Feb 09 '24 16:02 cdenneen

The fargate execution pods used to be added with the aws-auth template file in v19. In v20 it's not there anymore and requires you to pass it forward.

This is not true - EKS will create both the aws-auth ConfigMap entry and cluster access entry when using authentication_mode = "API_AND_CONFIG_MAP". However, if you are making any changes to the aws-auth ConfigMap, its up to you to ensure any entries you require stay in the ConfigMap via the configuration you use. With "API_AND_CONFIG_MAP", you do not need to have the Fargate profile's IAM roles added in the ConfigMap because EKS will ensure you have an access entry and this is controlled outside of Terraform.

Feb 09 '24 16:02 bryantbiggs

Probably need way to document this change a bit more.
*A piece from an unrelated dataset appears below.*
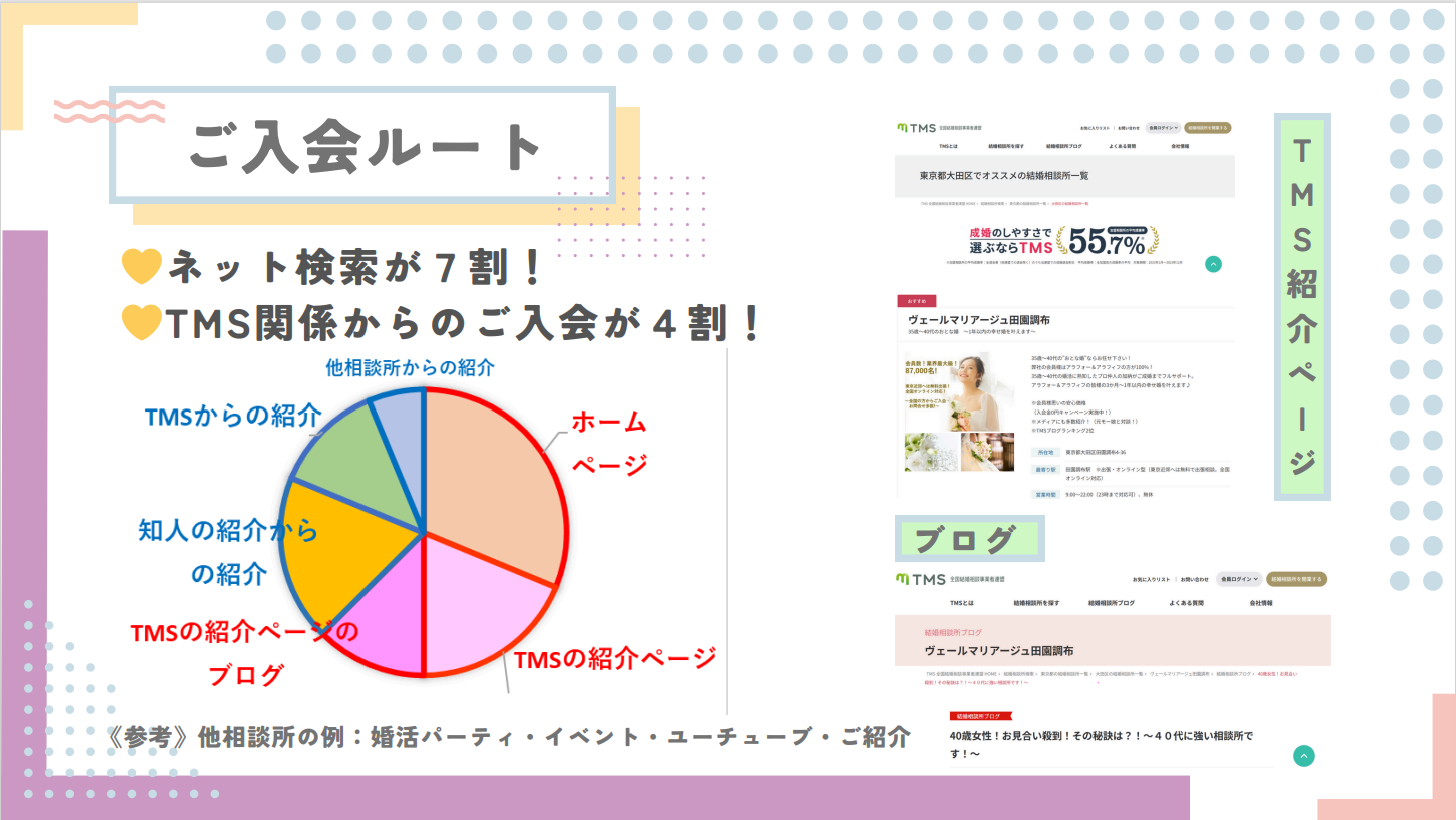 『ご入会ルートですが、私の場合は例えば「大田区 結婚相談所」「40代 結婚相談所」などの【ネットで検索】で、【TMSの紹介ページ・自社ホームページ・ブログ】を見てご入会下さる方が7割です。またTMSの結婚相談所を検討されている方が多く、【TMSの紹介ページ・TMSのブログ・TMSからのご紹介】など、TMS関係からのご入会も4割と半分近くを占めています。他社様の場合、婚活パーティや婚活イベント、ユーチューブやインスタなどで集客されている方も多く、相談所様により集客方法は色々のようです。』

The old aws-auth template besides fargate_profiles also was doing similar for nodegroups as well so that would be more to add here and should be documented somewhere of what would needed to be added when moving from v19 -> v20 to mimic that exact same configMap as the old template was doing automatically.

It is documented, I created an entire replica of the module to make this transition easier https://github.com/clowdhaus/terraform-aws-eks-migrate-v19-to-v20

Unless users are using authentication_mode = "CONFIG_MAP", there are no actions users need to take with EKS Fargate profiles and managed nodegroups (once they have migrated to v20, or if they are provisioning new clusters with v20)
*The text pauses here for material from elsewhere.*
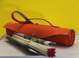 Trousse à allumettes longues, en cuir naturel cousu main - Teinte orange

Feb 09 '24 16:02 bryantbiggs

you do not need to have the Fargate profile's IAM roles added in the ConfigMap because EKS

Docs are not entirely clear, but it seems like during migration to access entries you shouldn't actually remove Fargate (or managed node group) entries from ConfigMap

https://docs.aws.amazon.com/eks/latest/userguide/migrating-access-entries.html

In v19 configmap entries were created automatically in terraform, in v20 any change to ConfigMap via terraform removes the AWS-created entries from ConfigMap. Probably it would make sense keep behavior same in aws-auth module.

If you remove entries that Amazon EKS created in the ConfigMap, your cluster won't function properly.

Feb 09 '24 21:02 dmitriishaburov

we cannot maintain the same functionality because that means we are keeping the Kubernetes provider in the module which we are absolutely not doing

In v19 configmap entries were created automatically in terraform, in v20 any change to ConfigMap via terraform removes the AWS-created entries from ConfigMap. Probably it would make sense keep behavior same in aws-auth module.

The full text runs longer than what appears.